WORK TO BE COMPLETED ▸
Word for word, copy the line containing "Statement layering made" and every line after it in the records below, leaving pictures out.
##### RECORD SET
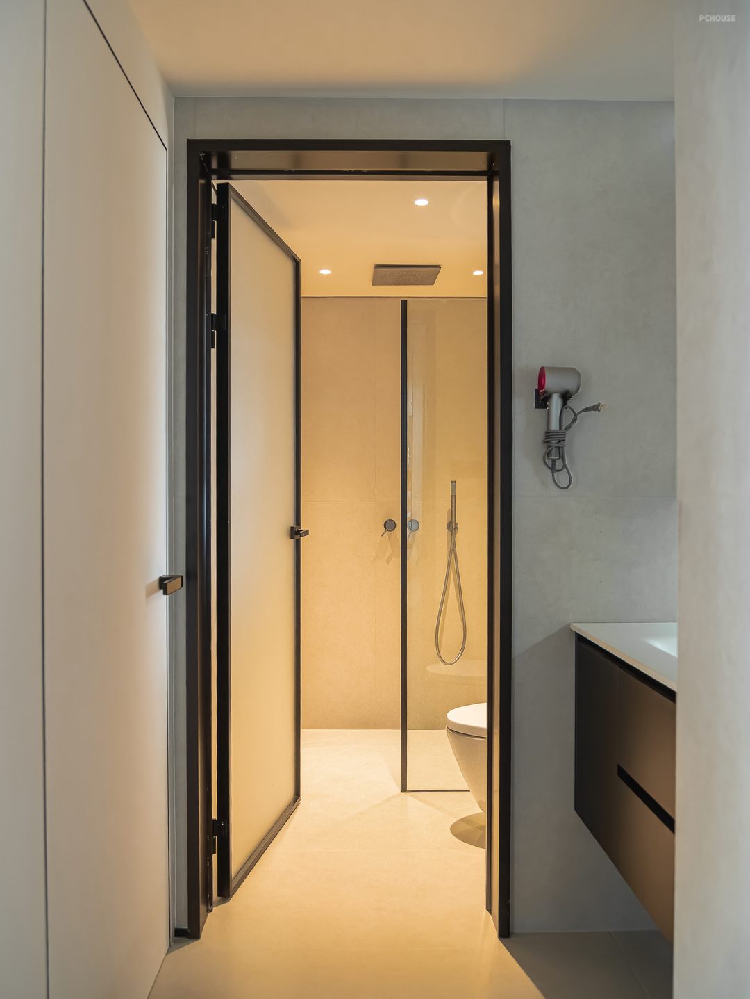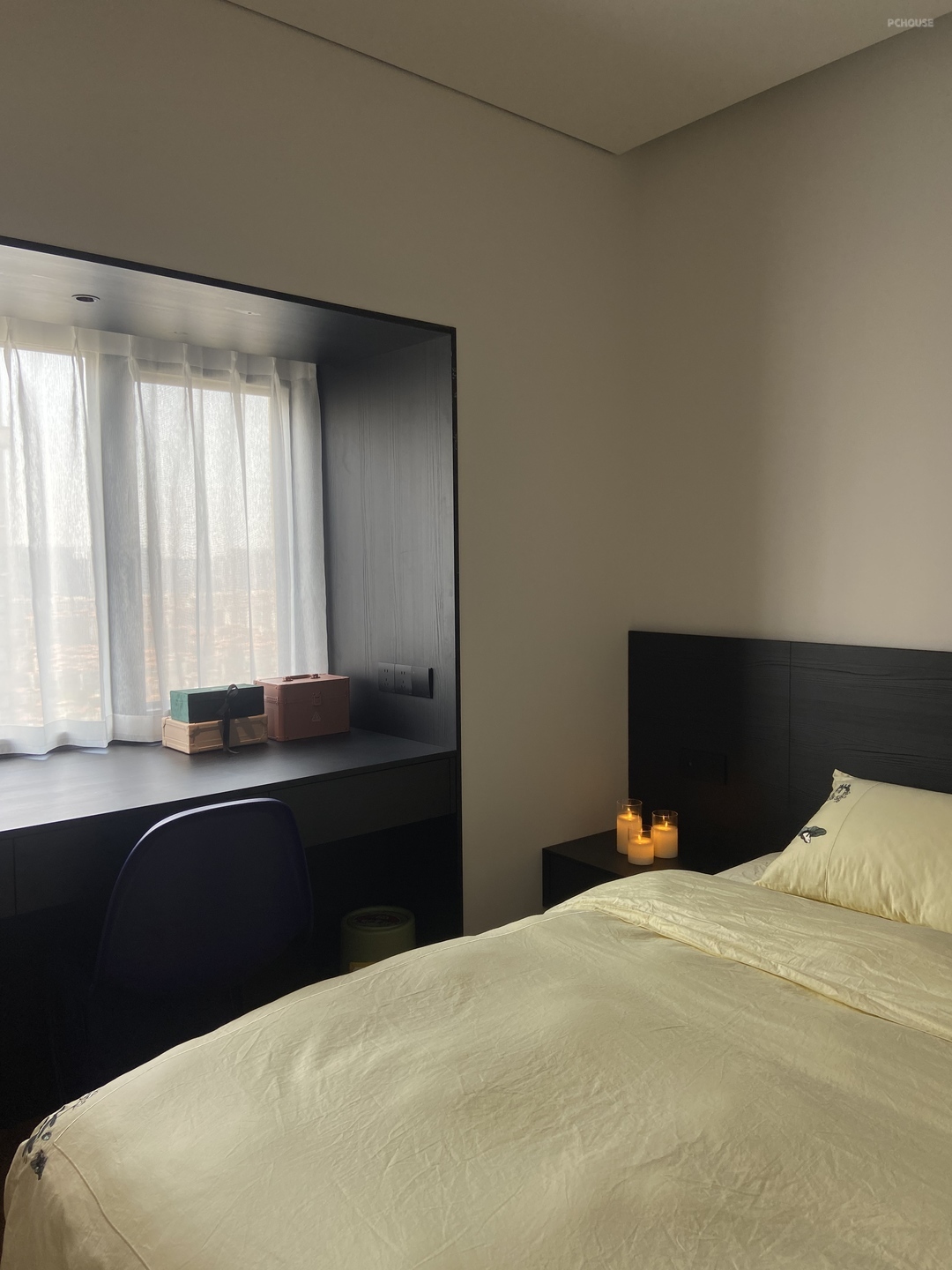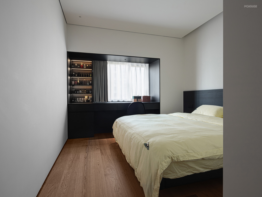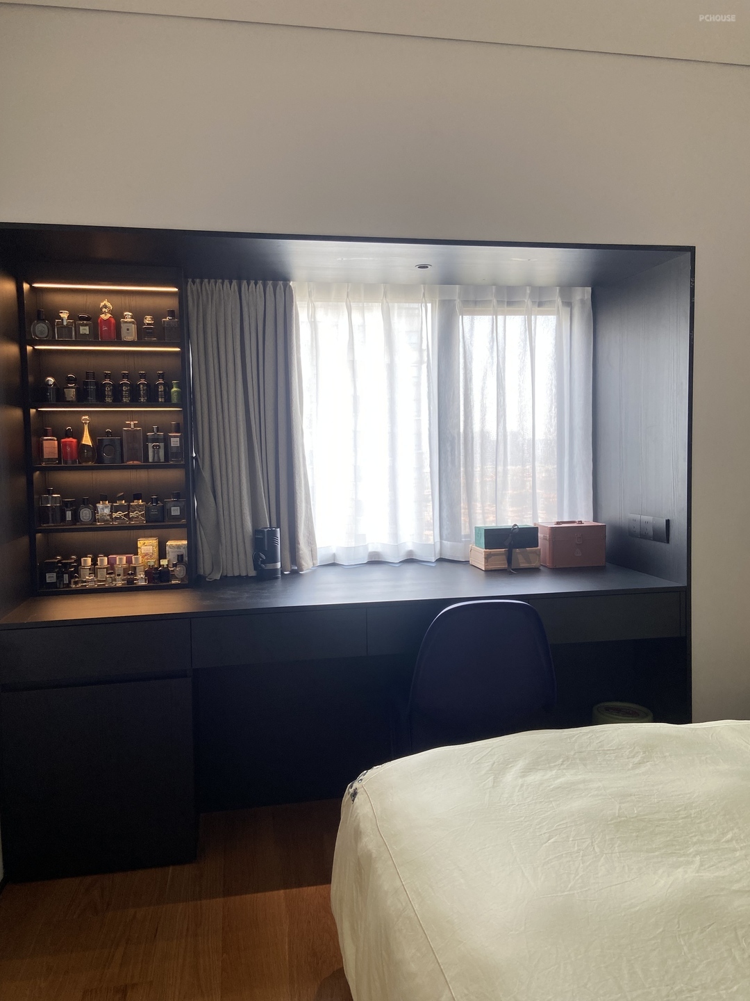 主卧空间以简洁的黑为主色调,一把紫色独特造型的单椅,让这个写字台多了几分艺术气息,展示架上摆满了屋主喜欢的香水,这里是属于他的私人领地
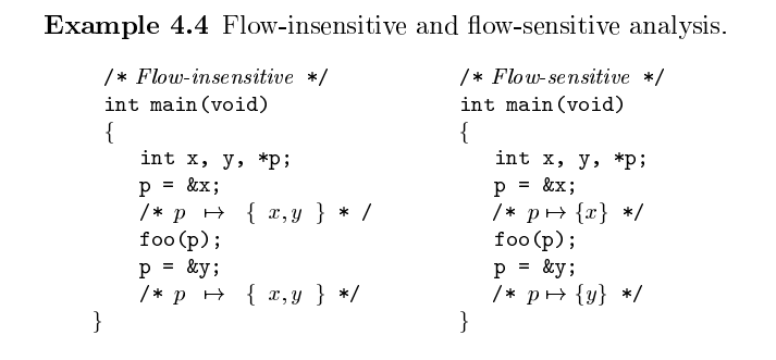 流敏感和不敏感分析是一个在精确度和效率之间的妥协:一个流敏感分析是更精确的,但是用了更多空间并且更慢。
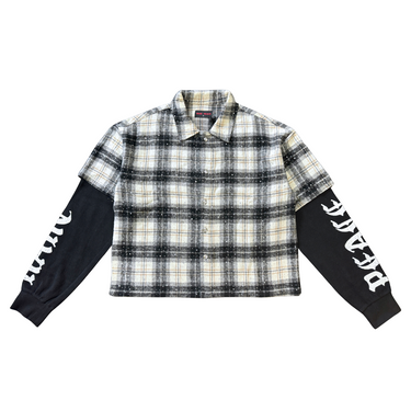 Statement layering made simple. A cropped plaid button-up fused with sweatshirt sleeves featuring bold RARE PEACE prints. The rhinestone-dotted plaid adds subtle shine, while the black cotton sleeves bring contrast and attitude.
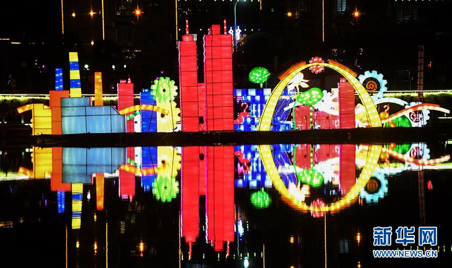 荔浦河中的花燈(12月17日攝)。  新華社記者張愛(ài)林?jǐn)z
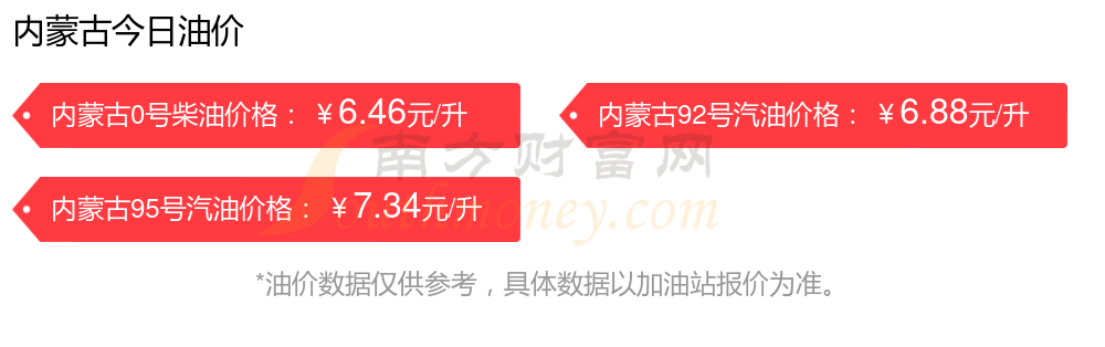 內(nèi)蒙古呼和浩特汽油、柴油11月13日每升的價格具體是(11月11日調(diào)整后的價格):92號汽油6.88元;95號汽油7.34元;0號柴油6.46元。
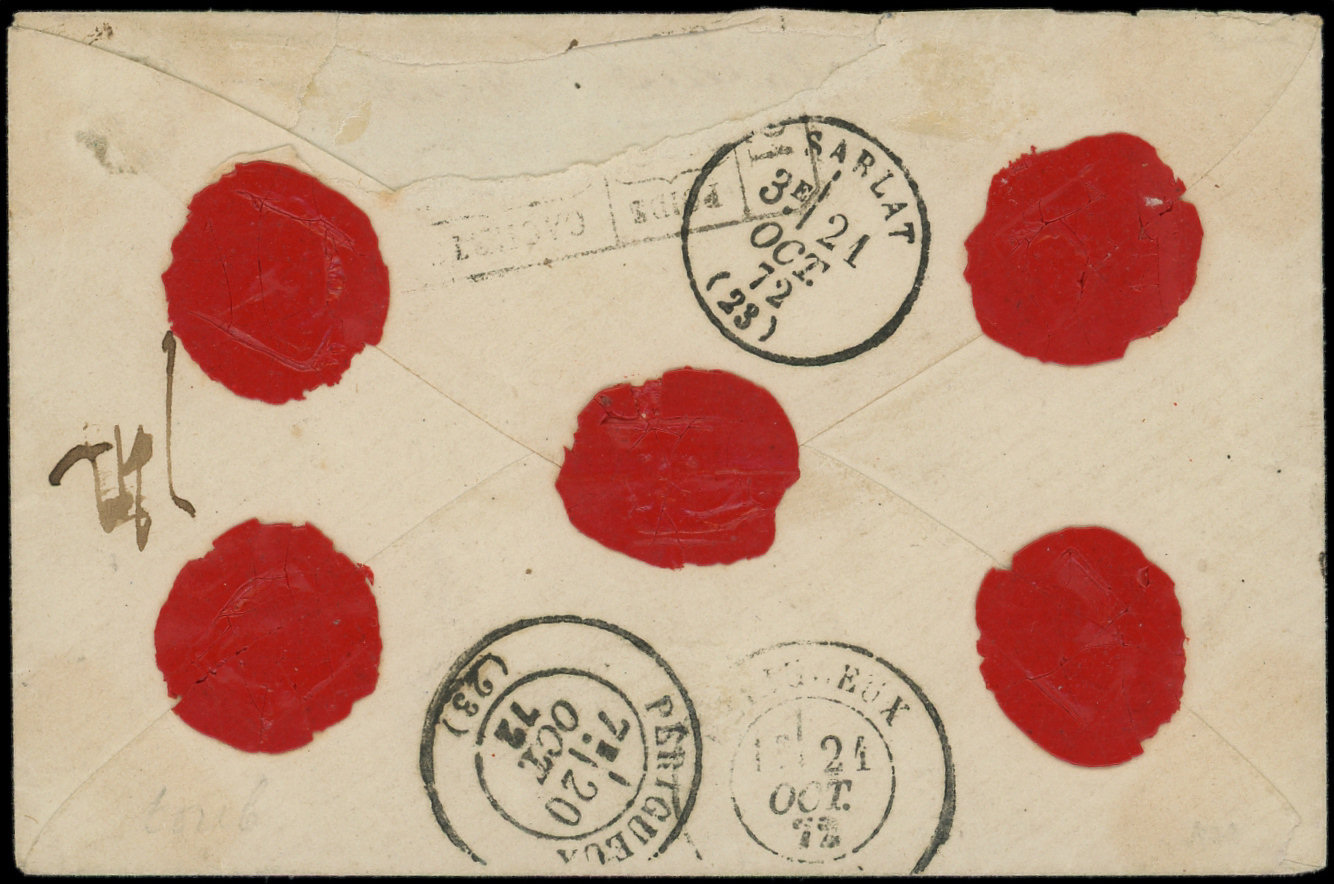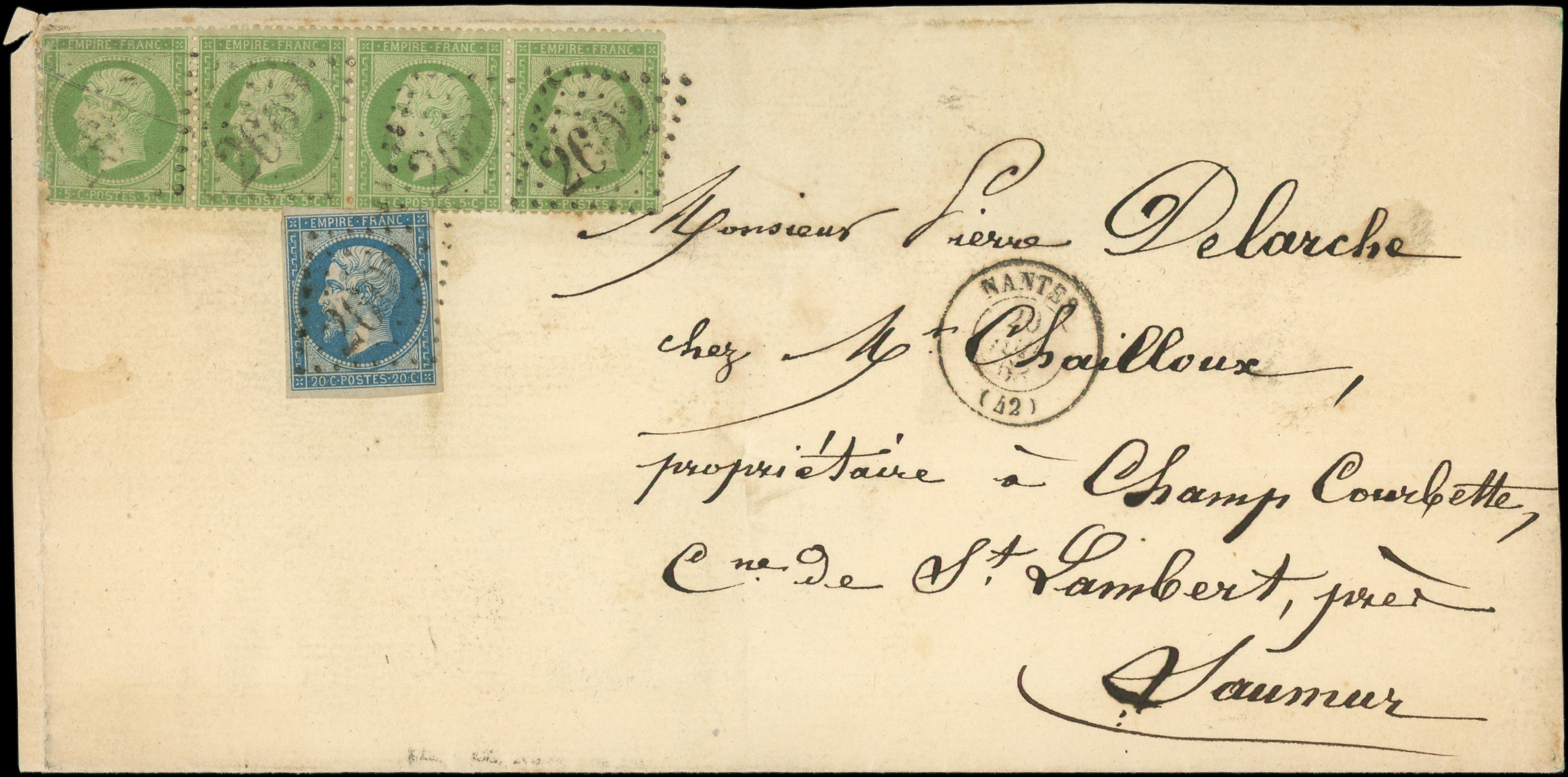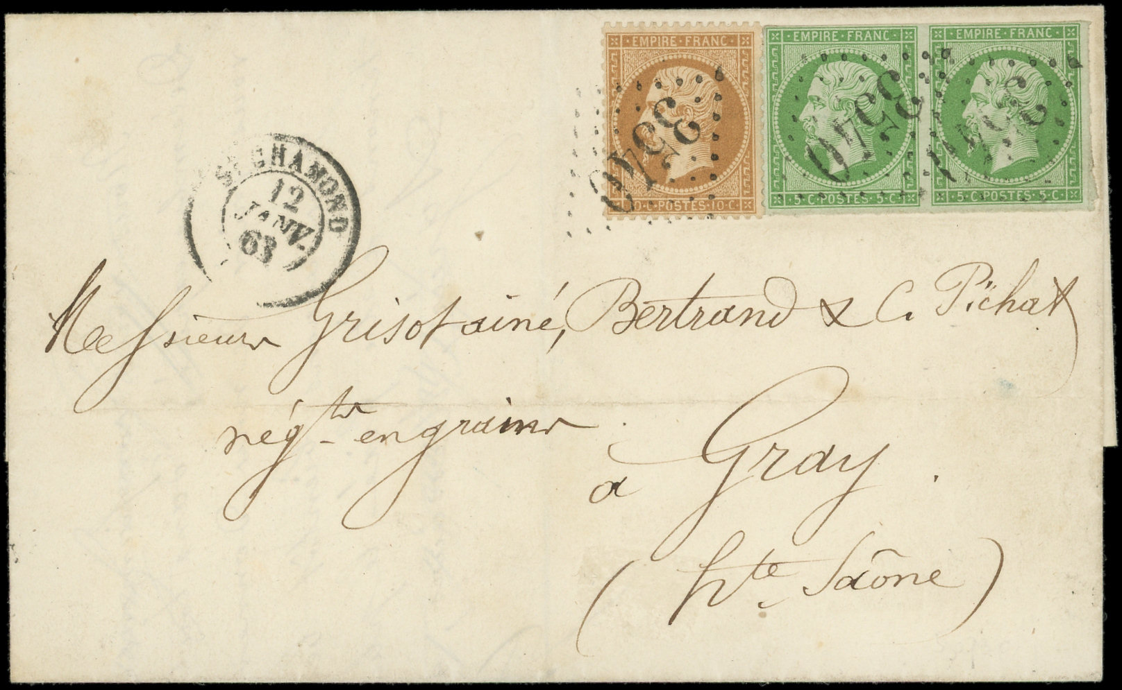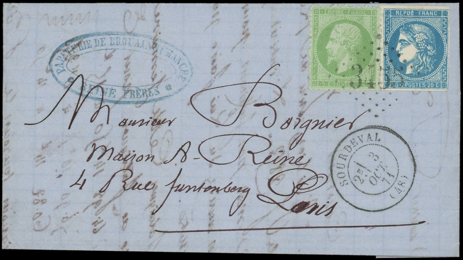 vert BANDE de 3 et 2c. brun rouge (3), obl. GC 1449 s. LAC, càd T16 EURVILLE 6/11/70, arr. NEUFCHATEAU 14/11, n'arrivera à sa destination BAINS en VOSGES que le 9/3/71, après la fin des hostilités, très intéressant et TTB (Image) (Image2)
##########
YOUR SOLUTION ▸
 Statement layering made simple. A cropped plaid button-up fused with sweatshirt sleeves featuring bold RARE PEACE prints. The rhinestone-dotted plaid adds subtle shine, while the black cotton sleeves bring contrast and attitude.
 荔浦河中的花燈(12月17日攝)。  新華社記者張愛(ài)林?jǐn)z
 內(nèi)蒙古呼和浩特汽油、柴油11月13日每升的價格具體是(11月11日調(diào)整后的價格):92號汽油6.88元;95號汽油7.34元;0號柴油6.46元。
 vert BANDE de 3 et 2c. brun rouge (3), obl. GC 1449 s. LAC, càd T16 EURVILLE 6/11/70, arr. NEUFCHATEAU 14/11, n'arrivera à sa destination BAINS en VOSGES que le 9/3/71, après la fin des hostilités, très intéressant et TTB (Image) (Image2)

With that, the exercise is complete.